Winning a record number of 21 ARIA Music Awards from 49 nominations, the band was both popular on the Australian and International music scenes, but in May 2011, Silverchair announced an indefinite hiatus.

9. Smashing Pumpkins

Some may argue that the Smashing Pumpkins aren't truly grunge, but they used many of the same techniques of the genre and amalgamated prog-rock, goth-rock, heavy metal and psychedelia in a swirling mixture of layers that was then infused with his distraught, tense and angst filled lyrics.

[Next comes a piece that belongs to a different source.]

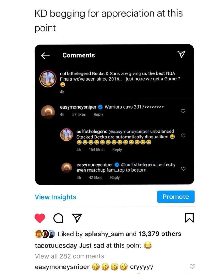 来源:JRS直播网07-19 18:20JRS直播网讯 最近杜兰特在互联网上可是非常的忙,前有和网友在语音聊天室中争论,最近杜兰特又和网友在互联网上进行关于总决赛的互动。此前一位网友在互联网上说:今年的NBA总决赛是2016年之后最精彩的总决赛,希望能够打到7场比赛。而杜兰特则在这位网友下面评论道:2017年勇士VS骑士远大于今年。然后该网友回复到:实力悬殊的总决赛应该被自动排除。而杜兰特马上回复到:完全势均力敌的较量,老哥……从上到下都是如此。
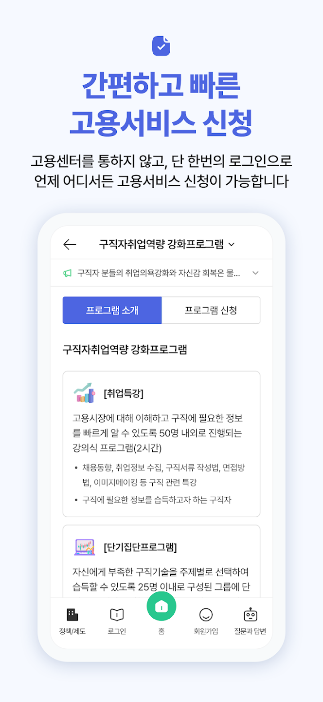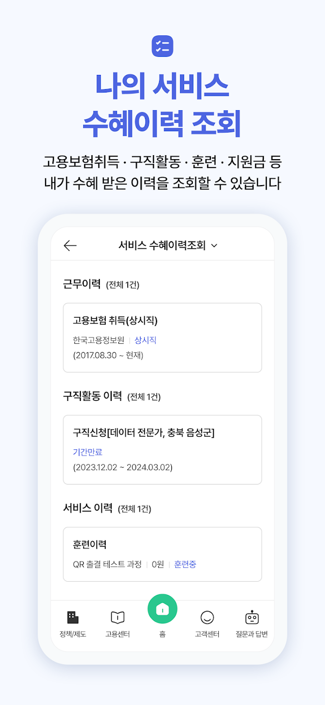 스마트폰만 있다면 언제 어디서든 손쉽게 고용보험 가입이력을 확인할 수 있습니다.

Despite this, the Smashing Pumpkins never shunned or shied away from mainstream success like other grunge bands and Billy Corgan openly indulged in rock star posturing although he shrouded it in ironic gestures and deep cynicism.

10. Mudhoney

Although never scoring the big success of others on the scene, Mudhoney was probably the first to lay the groundwork for the likes of Nirvana and Pearl Jam as they broke through with indie success on the Sub-Pop label and more than most they were to inspire grunge with their dirty, high-distortion sound.

Without Mudhoney and other forerunners who never quite reached mainstream success (like the Melvins and TAD) grunge would have never existed!